He blinked slowly. Up close, his face was an elongated version of Alec’s. His long, blond lashes were the same. But his eyes were completely different from Alec’s innocent blue ones. They were stormy gray, swirling with heat.
Suddenly I knew why he’d been hiding behind his shades or looking down at his phone whenever I was around. Why he’d taken potshots at me yesterday for flirting with Alec, even though he was the one making me do it. He couldn’t have me. That would ruin his plans for me and Alec. But he wanted me.
We paused there on the edge. His thumb stroked my jawbone as he leaned closer. I closed my eyes.
And then we were kissing, panting, kissing again, his lips hard on mine, his hand sliding down my bare skin underneath the blanket.
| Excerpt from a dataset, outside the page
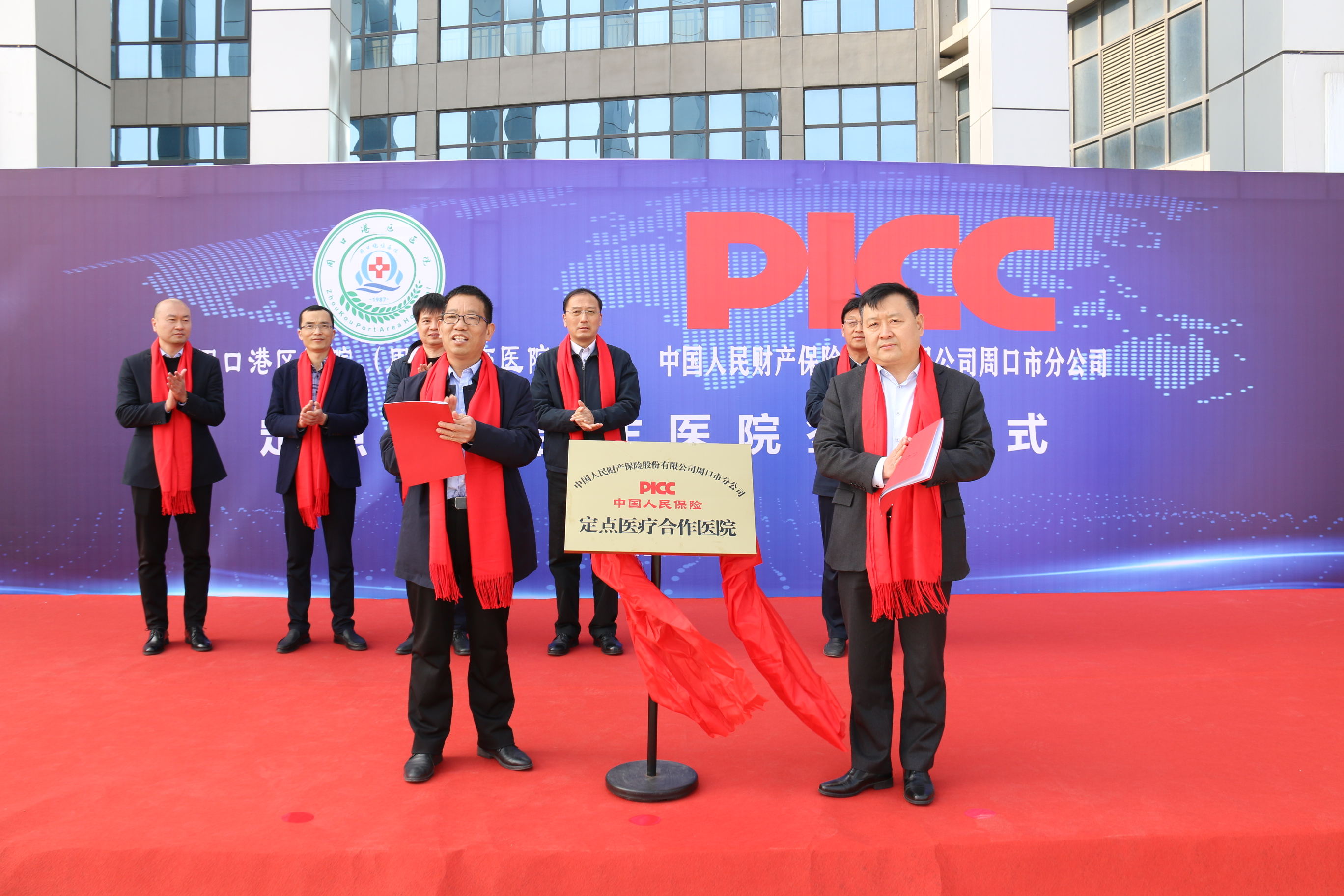 簽約揭牌儀式后,周口港區(qū)黨委委員張東立代表港區(qū)黨委、管委會對醫(yī)院和中國人保財險成功簽約表示熱烈的歡迎和祝賀。同時希望港區(qū)醫(yī)院努力為中國人保的參??蛻籼峁﹥?yōu)質(zhì)、便捷的醫(yī)療服務(wù),并深化與中國人保財險的合作,共同推進周口地區(qū)醫(yī)療衛(wèi)生事業(yè)和保險事業(yè)的健康發(fā)展,提高醫(yī)療資源和保險資源的利用率。

Wow. Earlier that night and the night before, kissing Alec would have been nice if not for all the baggage with it. It felt good, and he acted like a gentleman. Grayson did not act like a gentleman at all. Kissing him was an adventure, a journey, a battle, every movement of his lips and hands sparking new explosions all over me.
“Oh,” he said, drawing back. Then he changed his mind and kissed me again. His hand cupped my bare breast, his thumb rubbed across my nipple, and I was not going to tell him no. I didn’t need to. He would make a fist and exercise the impulse control he’d been taught in five, four, three, two, one.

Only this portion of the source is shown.